I talk about this type of thing a lot,
things like having dialogues written by natives
using only the most common words
so that you're speaking with correct grammar
and correct proper, you know, common idioms
and things like that,
so you're not making mistakes with prepositions
and with common verbs,
which is what a lot of people who are fluent in a language
but not completely idiomatic in the language will do a lot of the time. You want to master that 70%
to 80% as much as possible so that you speak effectively and not awkwardly with the majority
of the language. Now, once that's down, you'll still only be at about 90% of the language, and getting from
there further is very, very difficult. If you think about it, to get to where, let's say, the English
listeners of this podcast are in English, to get to the point where you are in English, you've been
spending your whole life on it. I mean, sure, you haven't been focusing exclusively on your English
skills your whole life, but for you as an English speaker, speaking to the English speakers, it's taken you your whole life to get to where you are.
There are ways to accelerate these things, but the reason you can reach fluency in a language extremely quickly is you can focus on the most important 90% of the language. But to get to that last 10 percent, it takes tens of thousands of words
and deep understanding of idioms to get beyond, let's say, 95 percent of the language. So Mahmoud,
for accelerating that process, what I would start with is studying your target stuff. The target
materials that we've talked about so far are what will get you to fluency.

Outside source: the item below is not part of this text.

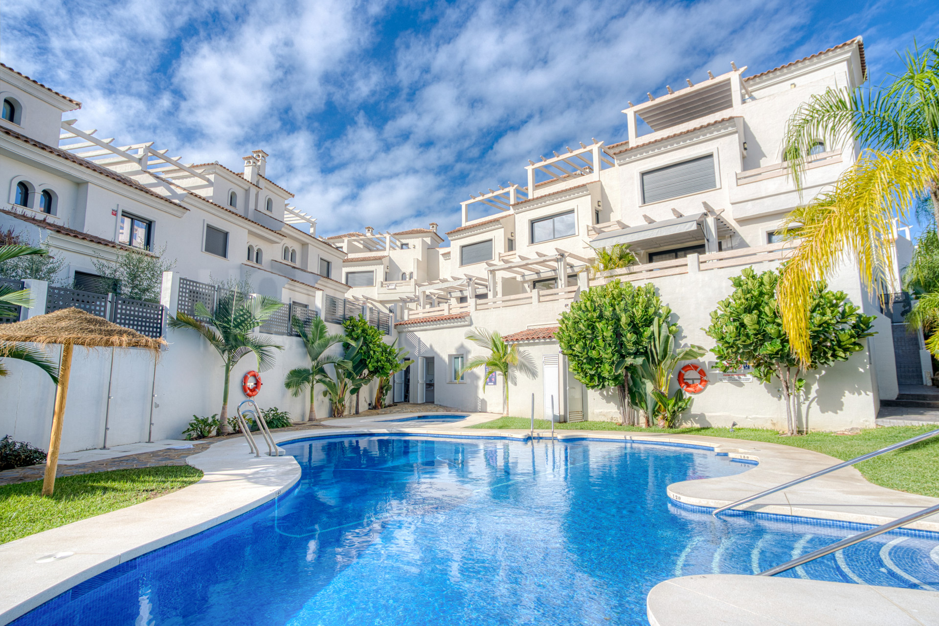 Элегантный трехкомнатный таунхаус, расположенный в закрытом общежитии Agra Residencial, очаровательный комплекс в средиземноморском стиле из 47 просторных домов, расположенный рядом с El Campanario Golf & Country Club, в самом сердце престижного Золотого треугольника Эстепоны. Готовый к переезду, эта недвижимость демонстрирует яркие, открытые интерьеры с качественной отделкой, включая керамические напольные покрытия, оснащенные шкафы, современные ванные комнаты со стеклянными душевыми экранами и полностью меблированную кухню. Предназначенный для комфортного проживания, он имеет щедрые террасы, частный солярий и частный бассейн – идеально подходит для наслаждения жизнью Коста-дель-Соль. Дополнительные моменты включают в себя горячее и холодное кондиционирование воздуха, два подземных парковочных места и доступ к красиво озелененным коммунальным садам и бассейну в этом безопасном закрытом сообществе.

But to get from there to eloquence, your target materials are probably going to be things like,
well, the things that you mentioned, poetry and let's say eloquent speech, anything that where you can actually just focus exclusively on the types of things you're going to be doing, as well as a variety of broader materials, such as, let's say, films in English.
You take the film, but you focus on imitation, not simple absorption.
You're not going to learn simply by absorbing information, by absorbing good English.
You actually have to study it and be able to imitate the idioms that are there. You have to
be able to, say, take a movie quote and be ready to say that exact quote yourself rather than just
knowing what they're saying. There's a huge difference between those two things. That's why
in our Spanish course, for example, we make sure that our students not only understand the dialogues
that they're studying, they could actually say those sentences themselves like a native speaker might say them. So you're going to do the same thing, not just with
things that will get you to fluency, but with the things that will get you to eloquence and to
poetic speech and to the nuances of the language that you're wanting to master.
I would also then practice writing some things that you don't actually officially want to be your official works, like if you're wanting to do poetry, don't write works that you're wanting to publish, but instead some practice materials directly imitating the phrases that you've heard in other poetry from various time periods in English so that you get comfortable using these phrases in an idiomatic way. Then show them to a native speaker who understands eloquent speech and eloquent poetry,
and ask him if it sounds like it was written by a native speaker,
because that's what's really important.
Once you have that down and are comfortable doing that,
you're ready to write your own works and to begin speaking in the language,
using the language effectively like a native speaker.